TRUS: A transrectal prostate ultrasound allows Dr. Alarcon to get a picture of your prostate via an ultrasound probe that is inserted into the rectum. Although the TRUS is not 100 percent reliable as a way to detect prostate tumors, it does find some that escape the DRE. The TRUS can also help Dr. Alarcon to estimate the size of your prostate, which is used to calculate the PSA density. This information helps doctors differentiate between prostate cancer and prostate enlargement. Generally, a PSA density greater than 15 percent suggests (but does not definitively identify) prostate cancer, while a lower density suggests BPH.
Prostate Biopsy: The biopsy procedure allows Dr. Alarcon to take small core samples of prostate tissue for examination in a laboratory. If cancer is found, it can be “staged” and “graded” according to a number of factors. More on the prostate biopsy procedure. In some cases, although cancer is not initially found, the laboratory may discover something called PIN which are irregular, but not cancerous cells in the prostate, that some experts believe set the stage for cancer in some men. PIN is graded “high” or “low” depending on the extent of the cellular irregularity.
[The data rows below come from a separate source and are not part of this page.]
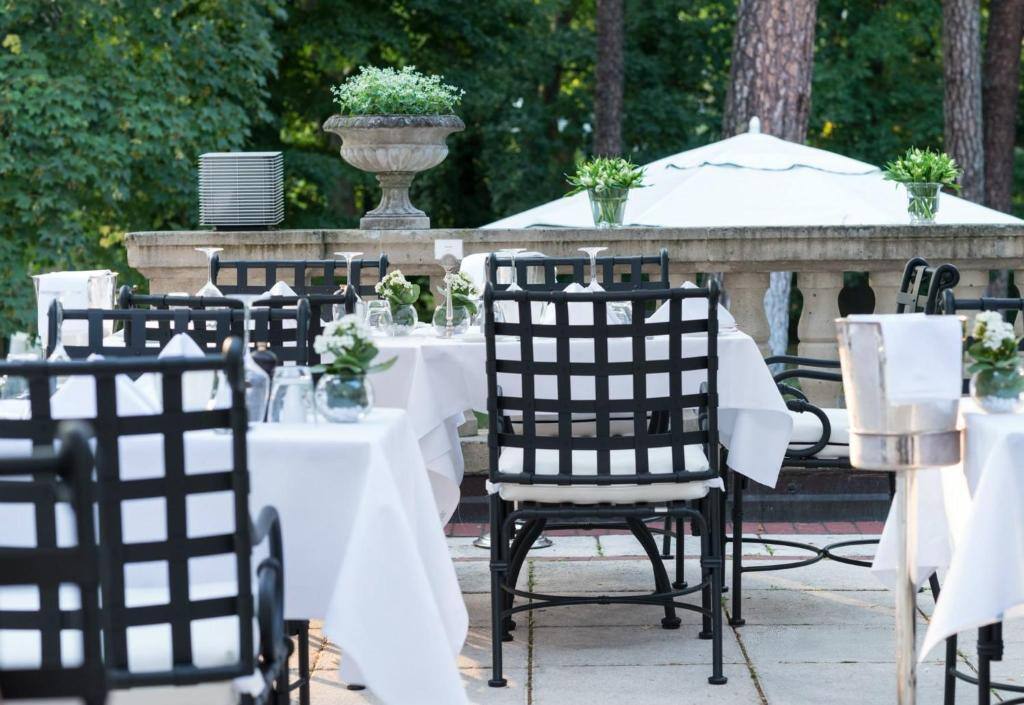 The complex not only offers top-tier amenities, such as fine dining restaurants, a gym, and a spa, but also boasts a variety of iconic spaces suitable for any event. These include a historic “Wintergarden” room with hand-painted ceiling murals, a sumptuous “Musikzimmer” music hall, and floor-to-ceiling wood paneling in both the library and the chandelier-lit restaurant.
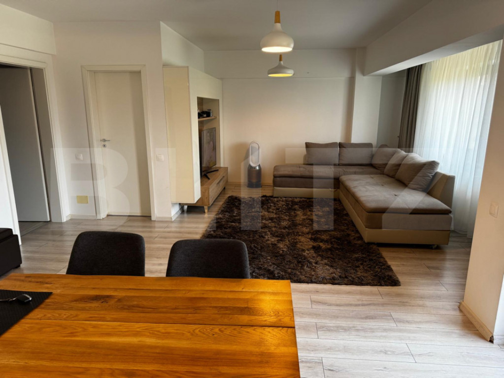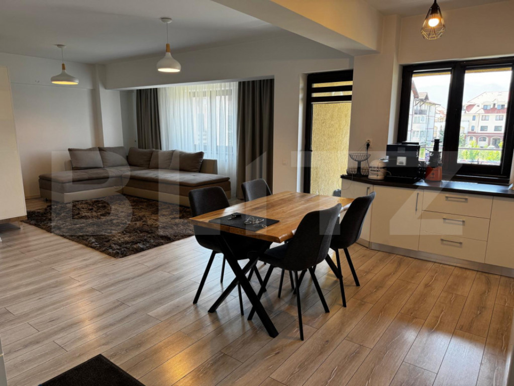 BLITZ IMOBILIARE va propune spre vanzare o locuinta exceptionala, edificata in 2023, in arealul Tractoru Brasov-zona de vile - pozitionata excelent la etaj intermediar al unei vile cu un view deosebit, liniste si aer curat. Apartamentul de 3 camere are o suprafata utila de 77 mp, plus un balcon de 6 mp, orientat spre sud si este alcatuit din: 2 dormitoare, un living deschis cu o bucataria, extrem de generoasa si dotata complet cu electrocasnice noi, 2 bai, un hol si un dresing. Tot mobilierul este cumparat anul trecut, mare parte de la Mobexpert. Este inclus in pret un loc de parcare in incinta complexului, dotat cu bariera si acces cu telecomanda. Pretabil pt investitie, proprietarul este dispus sa achite chirie 700 euro lunar cf contract de inchiriere pentru cel putin inca 18 luni, dupa vanzare. Pentru mai multe detalii sau pentru a stabili o vizionare va rog sa ma contactati! Cod ofertă / ID BLITZ: P151820 Id intern: P151820
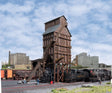 Based on a typical two-track design, the Walthers Cornerstone Wood Coaling Tower will be a focal point in any engine terminal. Towers like this were built in yards at servicing facilities as well as along the mainlines and branchlines to refuel engines on the road. This easy-to-build plastic model features a realistic coal bunker plus detailed chutes and mechanisms. A hopper unloading shed sits along one side for receiving coal. Like the prototype, it can serve two tracks at once, making it an ideal choice for maximizing service in minimum space. Place it in the vicinity of a roundhouse or engine shed, turntable, water tank and sand tower and you'll have a complete engine servicing facility for your railroad. The Wood Coaling Tower could still be standing in a late-steam or early-diesel era scene, a reminder of how things used to be.

Other Imaging Techniques: Other imaging used to diagnose prostate cancer may include an MRI scan. A MRI uses a magnetic field, radio waves, and a computer to produce very clear pictures of internal structures without the use of x-rays. Images from an MRI can provide physicians with information that may not be visualized adequately using x-rays, ultrasound, or computed tomography (CT).
There is no “one size fits all” treatment for prostate cancer. Today men diagnosed with localized prostate cancer may live for many years, any decision made now will probably reverberate for a long time. Your decision-making process should include a combination of factors, including:
- The need for treatment
- The risk level of your cancer
- Your personal circumstances
- Your desire for a certain therapy
There is a growing number of options for treating prostate cancer including:
- Watchful Waiting
- Hormone Therapy
You and Dr. Alarcon may discuss “watchful waiting” or “active surveillance” (as it is also known), depending on the stage, level of risk, and other factors like your age and lifestyle priorities. This is the most basic treatment for prostate cancer, and it involves doing nothing more than keeping an eye on the situation, typically by returning to Dr. Alarcon routinely for examinations to make sure the disease has not taken a turn for the worse. Watchful waiting entails regular prostate-specific antigen (PSA) tests, digital rectal exams (DRE) and/or other tests. “Waiting” means being alert for any indication that the cancer has developed to the point that it may require surgery or other treatment. If you meet the criteria for watchful waiting, you may avoid the discomfort and possible side effects of treatment by choosing this option. If you have limited remaining life span or other serious disease, watchful waiting may enable you to maximize your quality of life and avoid prolonged recovery and other complications. Generally, watchful waiting is appropriate for men who meet one or more of these criteria.
- Short life expectancy
- Have significant other illnesses
- Have small tumors, a low Gleason score, and a low PSA level
- Any man fearful of treatment, regardless of age or health.
All prostate cells are stimulated by the male hormone called testosterone. Some types of prostate cancer cells actually require high doses of this hormone. By eliminating testosterone, hormonal therapy can temporarily slow down the growth of the prostate cancer cells but not stop it. Dr. Alarcon will normally use hormonal deprivation therapy to slow the spread or growth of prostate cancer. Additional indication for hormonal deprivation therapy is shrinkage of the prostate gland prior to the primary therapy. Dr. Alarcon may also suggest hormonal deprivation therapy when prostate cancer has spread beyond the prostate gland to other parts of the body.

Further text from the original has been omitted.